🤖 AI Summary
To address surface irregularity and excessive storage overhead in AI-driven 3D generation, this paper proposes a text-image cross-modal, multi-stage parametric primitive generation framework. Methodologically, it introduces differentiable parametric primitives—such as spheres, cylinders, and planes—as geometric building blocks, integrating feature-aware recognition with robust primitive fitting to achieve high geometric fidelity and C¹-smooth surfaces.

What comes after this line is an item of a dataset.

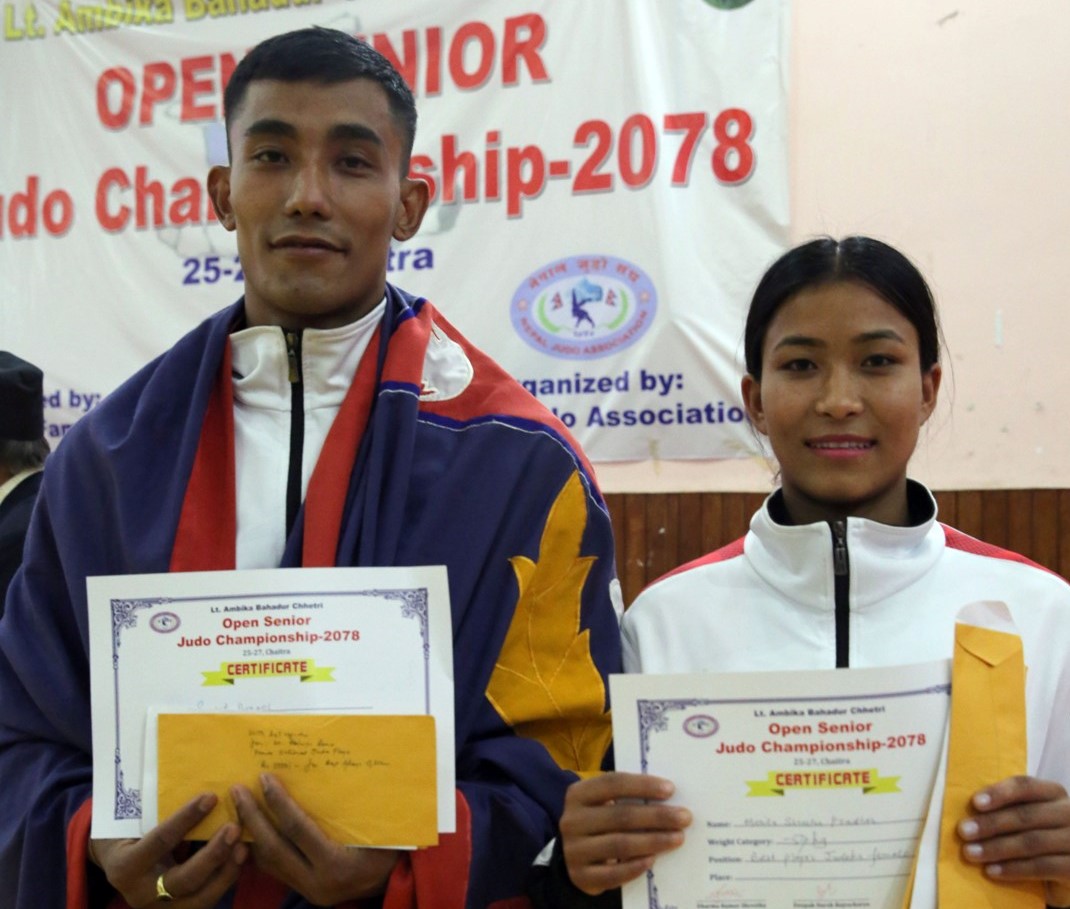 काठमाडौं (हाम्रो खेलकुद) – सन्जित डंगोल पुरुष र मनिता श्रेष्ठ प्रधान महिलामा अम्बिकाबहादुर क्षेत्री स्मृति राष्ट्रिय खुला जुडो प्रतियोगितामा आइतबार उत्कृष्ट खेलाडी घोषित भएका छन् । अघिल्लो दिन शनिबार सन्जितले ७३ केजीमुनि र मनीताले ५७ केजीमुनि स्वर्ण जितेका थिए । दुवै नेपाल प्रहरीका हुन् । प्रहरीकै राजबहादुर चन्द उत्कृष्ट प्रशिक्षक चुनिए । उत्कृष्ट खेलाडीलाई प्रतियोगिताको […]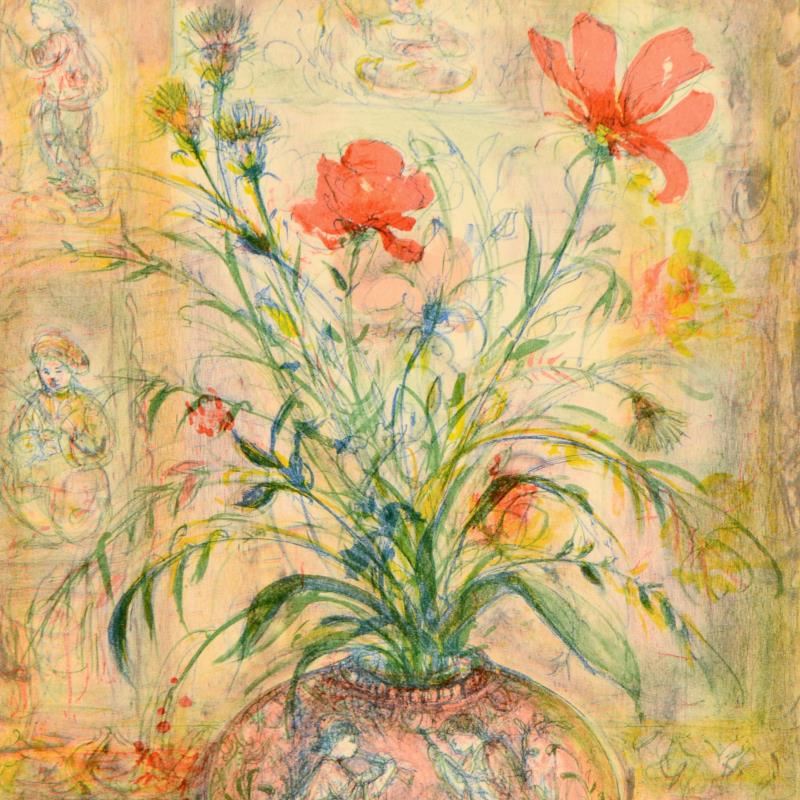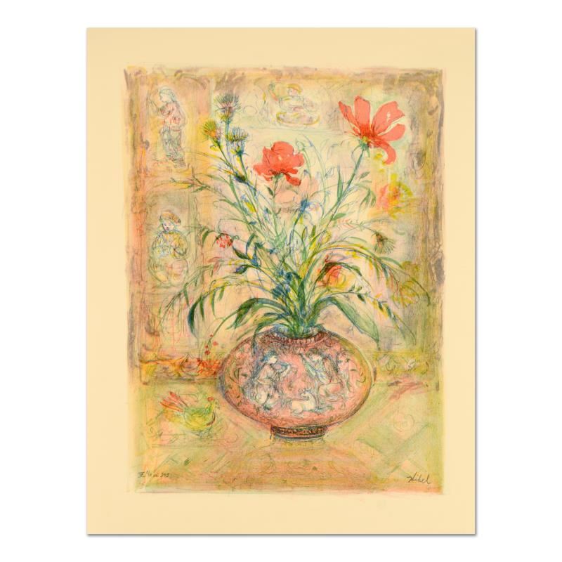 "Thistle Rose and a Day Lily" is a limited edition lithograph on paper by Edna Hibel (1917-2014), numbered and hand signed by the artist. Includes Certificate of Authenticity. Measures approx. 19.5" x 25.5" (border), 15.5" x 21.5" (image).

A minimalist parameter encoding scheme is devised, storing only primitive type, pose, and scale—reducing representation to ~6 KB. Evaluated on both synthetic and real-world datasets, the method achieves state-of-the-art performance: Chamfer Distance = 0.003092, VIoU = 0.545, F1-Score = 0.9139, and Normal Consistency = 0.8369—outperforming leading implicit and mesh-based approaches. This work pioneers the systematic integration of parametric primitive modeling into cross-modal 3D generation, enabling simultaneously high-fidelity reconstruction and ultra-lightweight representation—ideal for real-time prototyping and edge deployment.
📝 Abstract
Recent advancements in AI-driven 3D model generation have leveraged cross modality, yet generating models with smooth surfaces and minimizing storage overhead remain challenges. This paper introduces a novel multi-stage framework for generating 3D models composed of parameterized primitives, guided by textual and image inputs. In the framework, A model generation algorithm based on parameterized primitives, is proposed, which can identifies the shape features of the model constituent elements, and replace the elements with parameterized primitives with high quality surface. In addition, a corresponding model storage method is proposed, it can ensure the original surface quality of the model, while retaining only the parameters of parameterized primitives. Experiments on virtual scene dataset and real scene dataset demonstrate the effectiveness of our method, achieving a Chamfer Distance of 0.003092, a VIoU of 0.545, a F1-Score of 0.9139 and a NC of 0.8369, with primitive parameter files approximately 6KB in size. Our approach is particularly suitable for rapid prototyping of simple models.